An instinctive step backwards, two, and Thurloe stared around them. They were yards from the beginning of the jetty.
‘Hell of a dance you’ve had, eh?’ The barrel gleaming and flashing in the moonlight. ‘Murdering spies! But two of us are enough for you, I reckon.’ Thurloe was still glancing left and right, trying to see firm ground, wondering how quickly he could reach his own pistol, wondering about Rachel.
Another sound, from near behind them now. Thurloe and Rachel turned again, and a figure was climbing up onto the jetty from the soft ground beside it.

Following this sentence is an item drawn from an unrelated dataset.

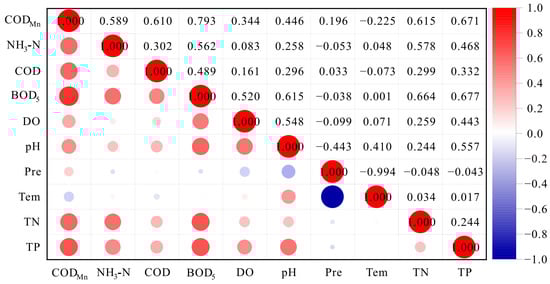 Correlation analysis is a term used to denote the association or relationship between two (or more) quantitative variables []. The experimental data were analyzed using statistical product service solutions (SPSS 22.0) and Origin 2022. Band reflectance and TP concentration were subjected to correlation analysis to investigate the relationship between the spectral reflectance and TP concentration. Pearson’s correlation coefficient was calculated to reveal the relationship between TP and various environmental factors (CODMn, BOD5, NH3-N, TN, DO, pH, COD) and meteorological factors (precipitation and temperature). The equation for the correlation coefficient is:

This figure had a pistol levelled in their direction as well.
‘That’s right,’ the first soldier said. ‘All here together now.’ And he kept on towards them, and Thurloe and Rachel moved instinctively away towards the beginning of the jetty, hesitated, two thumping hearts in the trap, and as their desperate eyes swung back and forth between the threats, the second figure, a rigid shadow and pistol, spoke for the first time, hard and low.
‘Get – down.’
Rachel recognized the voice and gasped and Thurloe wrapped his arms around her and dropped and the night cracked in a shot. Rolling, fighting for purchase on the soft earth, he stared up. The first thing he saw was the soldier, arm still extended.
The pistol barrel fluttered, wavered, and fell, and the man toppled into the gloom.
Shay strode towards them, boots thumping on the jetty planks, and then past them to the soldier. He was back in a moment with the soldier’s pistol and a lantern, which he lit. In its little glow, he saw that Thurloe had a pistol of his own out, pointing at him.
Shay stopped, looked at the pistol, then up at Thurloe.
‘What do you propose to do with that?’
‘I don’t know. But since I don’t know what you’re doing, it seemed a sensible idea.’
Shay considered this, and nodded.
‘What the hell’s happening?’ Another voice, hissed out of the darkness of the river behind them.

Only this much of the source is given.